Economically, Sino-Russian cooperation experienced a COVID-19 blow, with trade volume falling by 5,6 per cent in June, amounting to USD 50 billion. Although it may have a tangible impact on the annual statistics, moving the 2019-set milestone for 2024 away from the predicted USD 200 billion in trade follows the global trend of economic contraction, with consumer demand in free fall. For example, the overall volume of Chinese foreign trade from January to June dropped by 6,6 per cent. However, this trade contraction reflects more about global trade dynamics at the moment than changes in Russia-China relations.

As a recent sign of combined efforts to contain U.S. global ambitions, Russia and China were able to decrease U.S. dollar transaction for trade to its historical minimum – from 51 per cent in 2019 to 46 per cent in 2020. The same trend for intensified bilateral cooperation can also be seen in the energy sphere. Following the successful launch of “Power of Siberia” last December, the Russian state energy giant “Gazprom” is embracing a new audacious initiative, the “Power of Siberia-2” gas pipeline. The project will connect Russia, China and Mongolia. On behalf of the President of Russia, Gazprom started the design and survey work on the project in May.

Energy cooperation remains a crucial element of bilateral relations. Fresh statistics show that in July, Russia once again secured its position as the largest importer of oil to China, with a 30 per cent spike. This amounted to 7.38 million tons (compared to 2019). In April, Russia took over Saudi Arabia as the biggest crude oil supplier, delivering 7.2 million tons. This is 18 per cent more than in 2019.

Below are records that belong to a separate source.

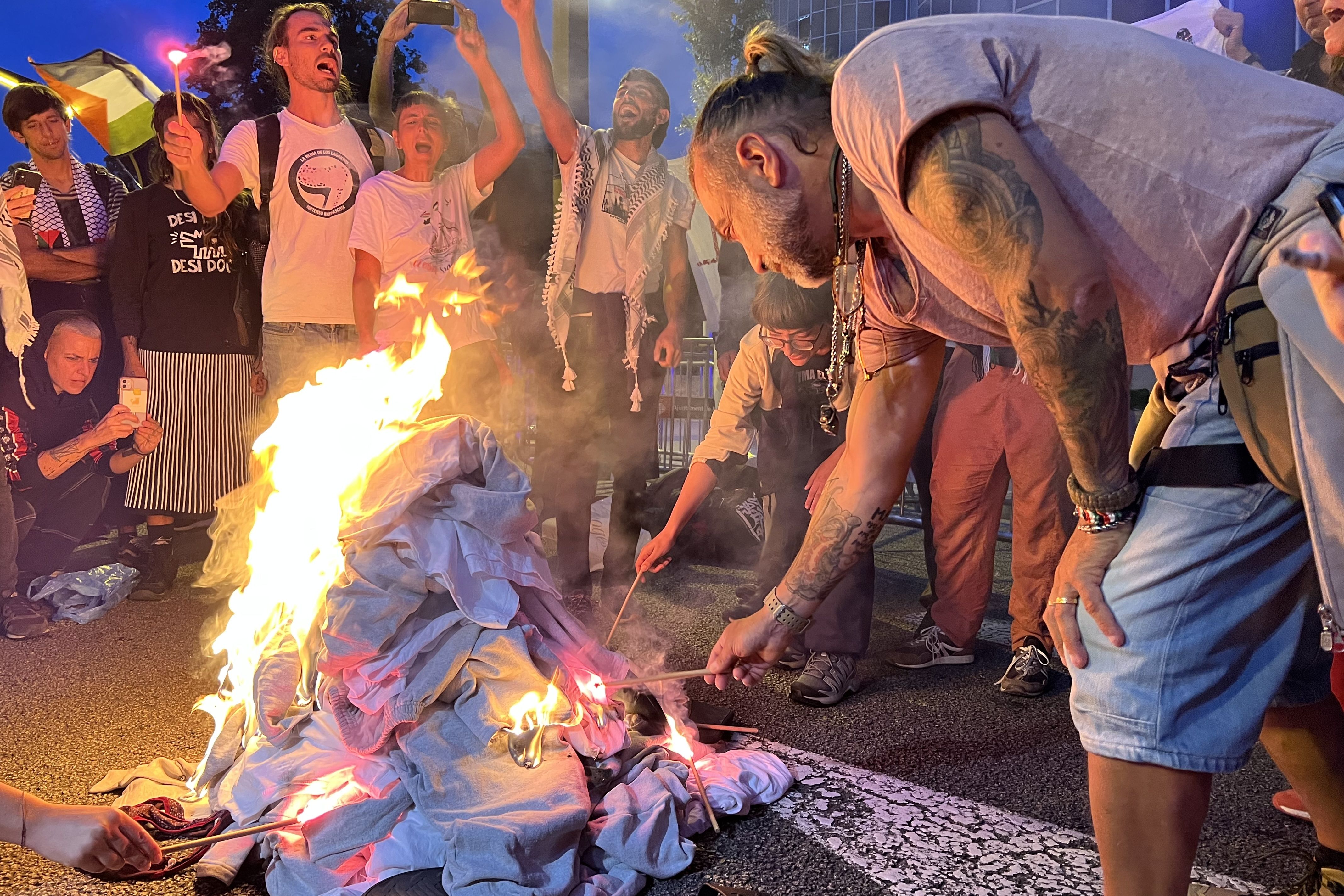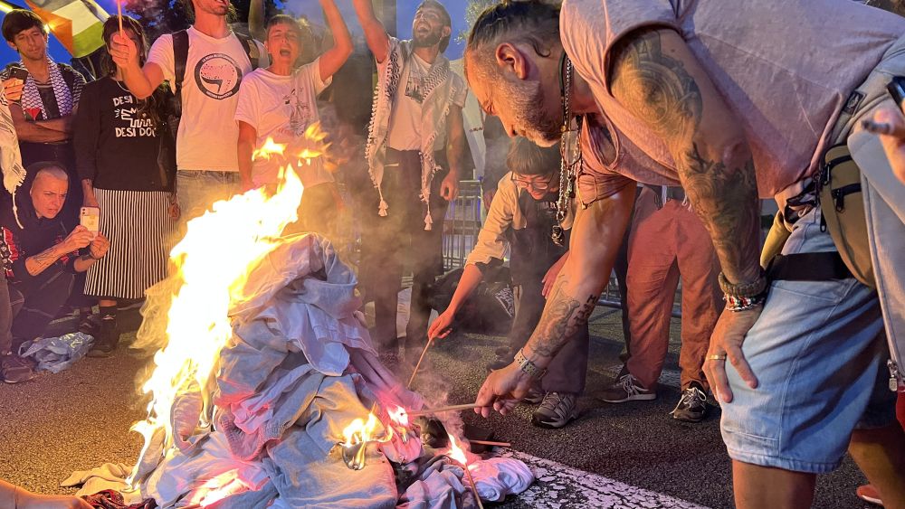 Activistas de la Global Sumud Flotilla han quemado este lunes por la tarde delante del Consulado de Israel en Barcelona los uniformes con los que pasaron entre cuatro días y más de una semana en la prisión israelí de Ketziot. Unas 200 personas han participado en la protesta, que ha cortado la Gran Via de Carles III. Algunos de los participantes han bajado desde la avenida Maria Cristina por la acera del lado derecho y otros, con una pancarta con el lema '15-O huelga general', lo han hecho por la izquierda. Los dos grupos se han concentrado delante del edificio y han hecho una pila de ropa, que después han encendido con bengalas y gasolina. También han llamado al paro del miércoles ante un acuerdo de paz entre Israel y Hamás "que no hay por dónde cogerlo".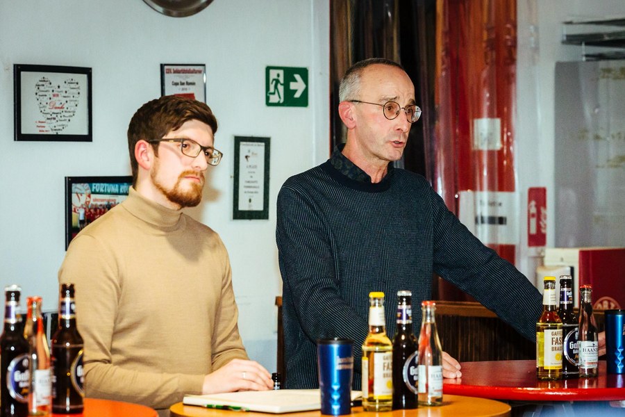 Der Abend startete in geselliger Atmosphäre mit der Fortuna-Hymne, die nicht nur aus den Boxen im Vereinsheim sondern auch aus den Kehlen der anwesenden Fans tönte. Zunächst fand Fortuna-Präsident Hanns-Jörg Westendorf einige einleitende Worte und schilderte die Gedanken um Veränderungen in der Geschäftsführung, die auch sogleich vorgestellt wurde. Jürgen Drolshagen und Robert Pöppinghaus stellten sich den Fortuna-Fans noch einmal genauer vor, wenngleich sie als Vorstandsmitgliedern den meisten Fans auch schon bekannt waren.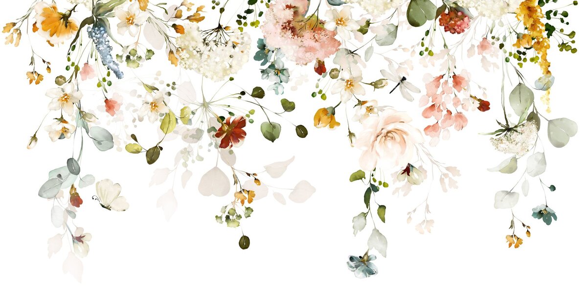 Fotobehang: Een compositie van aquarelbloemen en bladeren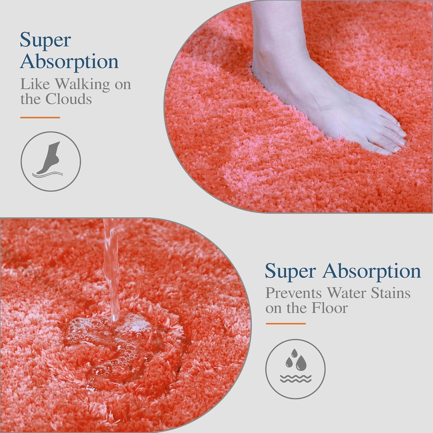 Walensee Bath Rug for Bathroom Non Slip Bathroom Mat (20 x 32, Iiving Coral) Water Absorbent Soft Microfiber Shaggy Rug Machine Washable Bath Mat Thick Plush Shower Mat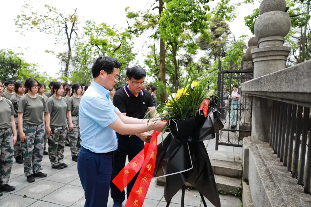 活动中,学校还组织前往岳麓山黄兴墓开展祭扫活动。学生代表敬献花篮、全体人员肃立,共同向辛亥革命英烈默哀致敬。随后,同学们集体观看红色影片、进行军歌拉练,传承和弘扬爱国主义精神。

Russia-China relations represent a “strategic partnership,” which means that the two countries view themselves as partners on strategic issues. Indeed, on a majority of topics, be it global governance, world economic structure, geopolitics or security, Russia and China are on the same page. Many of them are of strategic significance pertaining to both sides. Both countries enjoy fruitful cooperation on multilateral platforms such as BRICS, SCO and the UN.

Nevertheless, despite their flawless facade, Russia-China relations have a weak spot – their difference in strategic and national interests. This is normal for global powers. For example, Beijing can never compromise its core national interests such as the South China Sea (SCS), Xinjiang, Taiwan, and Tibet, even to please its tried and tested partner, Moscow. This explains why China has repeatedly pressured Vietnam to halt all oil extraction activities in the SCS over the last two years. This has resulted in Vietnam suspending business cooperation in the SCS with the Russian state oil giant, Rosneft. On the other hand, Russia will never put its core interests at risk (especially concerning territorial integrity), irrespective of Beijing’s rhetoric concerning Russian Far East territories.

As long as Russia and China base their partnership on coinciding strategic interests and avoid any ubiquitous and provocative moves – their relations are likely to remain in the current burgeoning state or under the best circumstances can even be elevated to a higher level. Overall, during the first half of the year, relations between China and Russia were challenged several times. Despite some small cracks, like decreasing trade and frictions regarding energy projects in the South China Sea, their flawless mutual propaganda remains untarnished. As long as they can maintain a close and mutually beneficial bilateral tie, they should be able to endure any future challenges with ease.